Aim of the task:
At the line containing "Contacts: Choose how", begin an exact copy of the lines below and continue through the final one, with no pictures.
=== Begin Enclosure ===
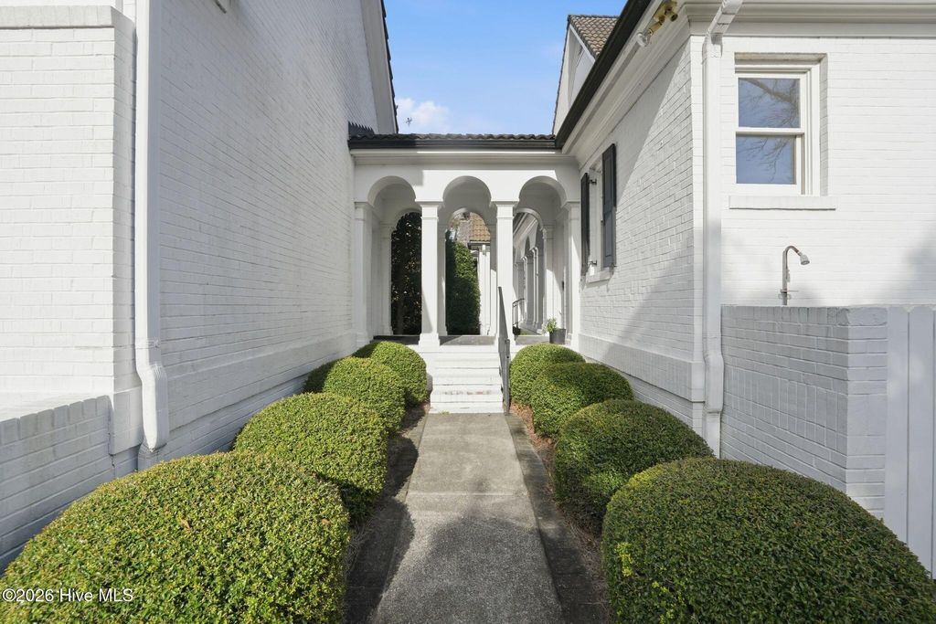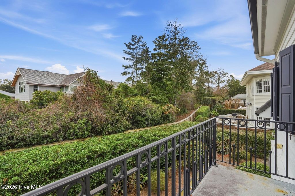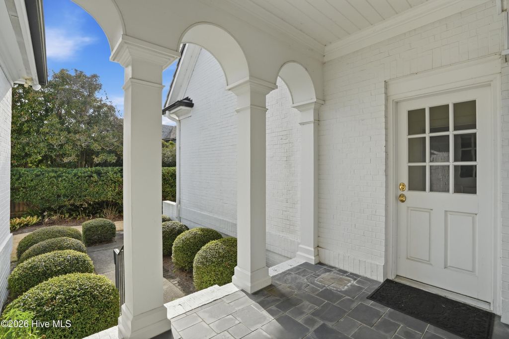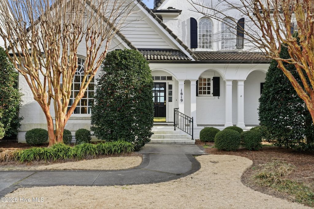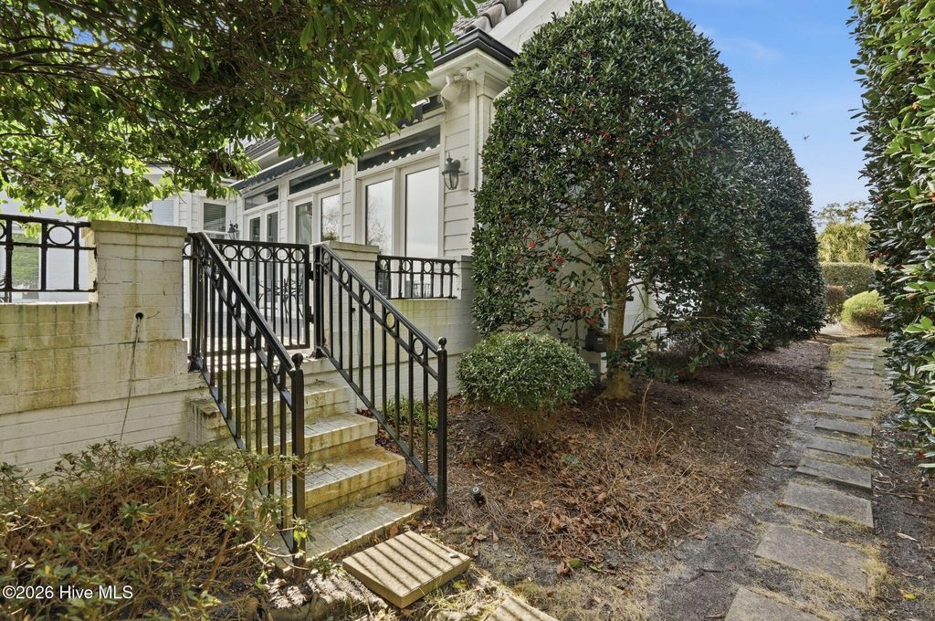 Experience timeless architecture and refined coastal living in this stunning brick residence located within the prestigious gated community of Landfall. Tucked into a lush, wooded setting with manicured gardens and Intracoastal views, this home offers approximately 3,100 sf, including a private (586sf) guest apartment above the detached garage ~ complete with full bath and kitchenette, ideal for extended stays or multigenerational living. Inside, cathedral ceilings with exposed beams create an unforgettable first impression in the main living areas. Rich hardwood flooring, custom millwork, and elegant formal living and dining rooms blend seamlessly with comfortable everyday spaces. The bright white kitchen features custom cabinetry and thoughtful built-ins. A gracious first-floor primary suite provides privacy and convenience, while expansive porches and terrace spaces invite effortless indoor-outdoor entertaining. Walls of windows frame the serene landscape, filling the home with natural light and Intracoastal views. Every detail reflects quality craftsmanship and distinctive European charm. Located just minutes from Wrightsville Beach, shopping and dining at Mayfaire Town Center, this exceptional property offers the perfect balance of luxury, lifestyle, and location!
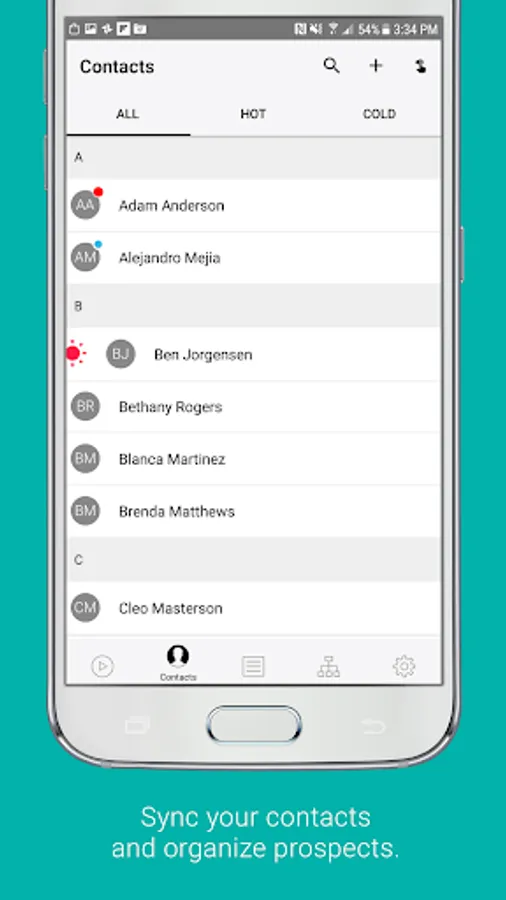 Contacts: Choose how to sync and manage your contacts. Swipe to sort them by interest level. You can make connections, add notes, or check out the Contact Feed to see the tools you've shared and contact actions.
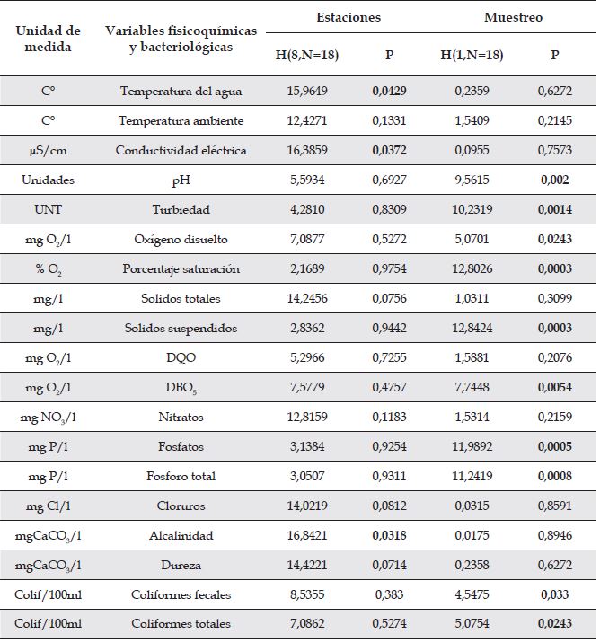 Variables fisicoquímicas y bacteriológicas. Las variables fisicoquímicas analizadas no evidenciaron diferencias significativas (p > 0,05) a los largo de las nueve estaciones de muestreo, a excepción de la temperatura del agua, conductividad eléctrica y alcalinidad (Tabla 2). Por otra parte, a nivel temporal se reflejaron cambios significativos en los parámetros analizados, lo cual puede ser atribuido a factores externos como las condiciones climáticas y antropogénicas de la región durante los dos periodos de estudio (Tabla 2).
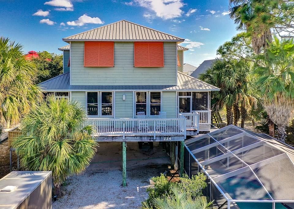Charming 3BR/2.5BA coastal cottage w/ loft 100 steps to the beach! This home has all the perfect features to make it a perfect rental or your beach vacation home. The home has an open concept floor plan with vaulted ceilings, galley kitchen, loft, separate dining area, and half bath. The master bedroom, master bath, and laundry are also located on the first level. Cute & Comfortable furnishings throughout the home! The second level has a loft area, two bedrooms with a "jack and jill" bathroom. All the bedrooms and loft have carpet, the living room, dining area, master bath are tiled. There is an enclosed outdoor shower, spacious storage room and 6 parking places. The pool has a screened enclosure with spacious area for lounge chairs. There is a wide deck on the front with a screen porch and open deck too!
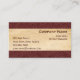 Professional and stylish business card with maroon leather-look top and bottom border on parchment graphic background.
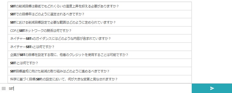 よくある質問項目、質問候補が提示されるため、企業はプロンプト作成の必要なく、専門的な情報の検索が可能
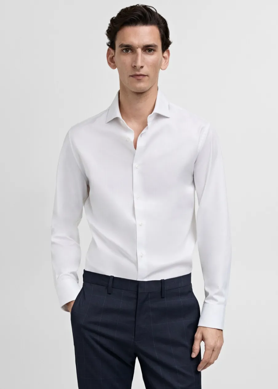 Slim-fit. Bawełna 100%. Zapięcie na guziki. Koszulowy kołnierz. Zapinane mankiety. Zaokrąglony dół. Model ma 185 cm wzrostu i nosi rozmiar M.
=== End Enclosure ===
Answer to this exercise:
 Contacts: Choose how to sync and manage your contacts. Swipe to sort them by interest level. You can make connections, add notes, or check out the Contact Feed to see the tools you've shared and contact actions.
 Variables fisicoquímicas y bacteriológicas. Las variables fisicoquímicas analizadas no evidenciaron diferencias significativas (p > 0,05) a los largo de las nueve estaciones de muestreo, a excepción de la temperatura del agua, conductividad eléctrica y alcalinidad (Tabla 2). Por otra parte, a nivel temporal se reflejaron cambios significativos en los parámetros analizados, lo cual puede ser atribuido a factores externos como las condiciones climáticas y antropogénicas de la región durante los dos periodos de estudio (Tabla 2).
Charming 3BR/2.5BA coastal cottage w/ loft 100 steps to the beach! This home has all the perfect features to make it a perfect rental or your beach vacation home. The home has an open concept floor plan with vaulted ceilings, galley kitchen, loft, separate dining area, and half bath. The master bedroom, master bath, and laundry are also located on the first level. Cute & Comfortable furnishings throughout the home! The second level has a loft area, two bedrooms with a "jack and jill" bathroom. All the bedrooms and loft have carpet, the living room, dining area, master bath are tiled. There is an enclosed outdoor shower, spacious storage room and 6 parking places. The pool has a screened enclosure with spacious area for lounge chairs. There is a wide deck on the front with a screen porch and open deck too!
 Professional and stylish business card with maroon leather-look top and bottom border on parchment graphic background.
 よくある質問項目、質問候補が提示されるため、企業はプロンプト作成の必要なく、専門的な情報の検索が可能
 Slim-fit. Bawełna 100%. Zapięcie na guziki. Koszulowy kołnierz. Zapinane mankiety. Zaokrąglony dół. Model ma 185 cm wzrostu i nosi rozmiar M.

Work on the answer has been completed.